E veniamo al mitico motore renano. Emmanuel Macron ha fatto molti bei discorsi e Angela Merkel, in attesa di una rielezione, gli ha dato corda. Parole alate sono volate sopra Bruxelles, ma, appunto, parole. Alla prima prova dei fatti Francia e Germania sono rimaste sole. La questione non è affatto di secondaria importanza. Macron vorrebbe frenare l’espansione economica cinese in Europa, le acquisizioni di aziende in settori strategici, la penetrazione finanziaria e industriale. La parola d’ordine è reciprocità, in realtà si tratta di un neo-protezionismo europeo per bilanciare il neo-protezionismo americano. Vedremo cosa farà in concreto Trump, ma il rischio di essere bloccati negli Stati Uniti spinge i capitali “rossi” verso l’Europa. La Germania ha dato spago a questa posizione, nonostante vanti un avanzo enorme nella bilancia commerciale e in tutti questi anni sia penetrata in Cina come coltello nel burro. Se di reciprocità deve trattarsi, allora non è Berlino a poter sventolare la bandiera.

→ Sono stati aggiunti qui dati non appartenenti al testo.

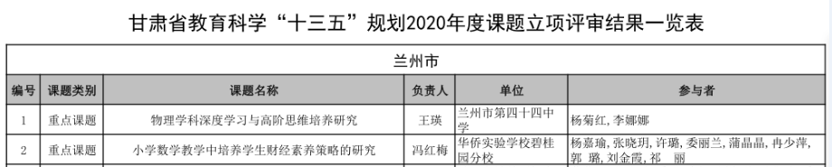 近日,甘肃省教育科学“十三五”规划2020年度课题评审结果揭晓。新葡的京官网苏兴田老师的《基于身体素养的普通高校公共体育“四位一体”教学探索与创新》和蔡中老师的《立德树人视域下高校武术“课程思政”教学改革路径探究》成功立项。

Francesi e tedeschi, però si sono trovati contro i paesi baltici e la Polonia all’insegna del liberismo e anche dei propri interessi. Ma soprattutto hanno avuto un secco no dai paesi del sud dove i cinesi sono più forti. Alexis Tsipras ha protestato ricordando che se non era per Pechino il porto del Pireo avrebbe chiuso i battenti. I portoghesi sono stati i più chiari: “La crisi e l’austerità ci hanno spinto a privatizzare aprendo le porte ai capitali stranieri e cinesi in particolare, chiudere adesso i battenti sarebbe per noi catastrofico”, ha detto António Luís Santos da Costa, il socialista capo del governo di Lisbona. Gli italiani non si sono esposti troppo, ma da noi è successo lo stesso. La penetrazione cinese, dalle telecomunicazioni alle banche e persino nelle infrastrutture strategiche è ampia, anche se l’Italia esporta in Cina molto più del Portogallo, solleva questioni politiche e di sicurezza che vanno affrontate, ma la linea francese è contraria ai nostri interessi.

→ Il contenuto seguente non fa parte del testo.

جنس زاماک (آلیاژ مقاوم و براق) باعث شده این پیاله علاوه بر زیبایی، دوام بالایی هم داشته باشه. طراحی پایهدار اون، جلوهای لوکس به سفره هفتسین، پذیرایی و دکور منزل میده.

Macron è pronto a fare un compromesso, ma il suo debutto, al quale era molto atteso, non è stato così brillante come la sua parlantina. Anzi, potremmo dire che è stato chiaramente deludente. En marche! Ma non si capisce ancora verso dove. Parole, parole, parole, una grande “piacioneria” se ci si passa l’espressione e quando stiamo ai fatti (l’Italia lo ha visto anche con i cantieri navali di St.Nazaire) la linea è sempre la stessa: France d’abord. Insieme ad America First e Deutschland überalles, non stiamo messi bene.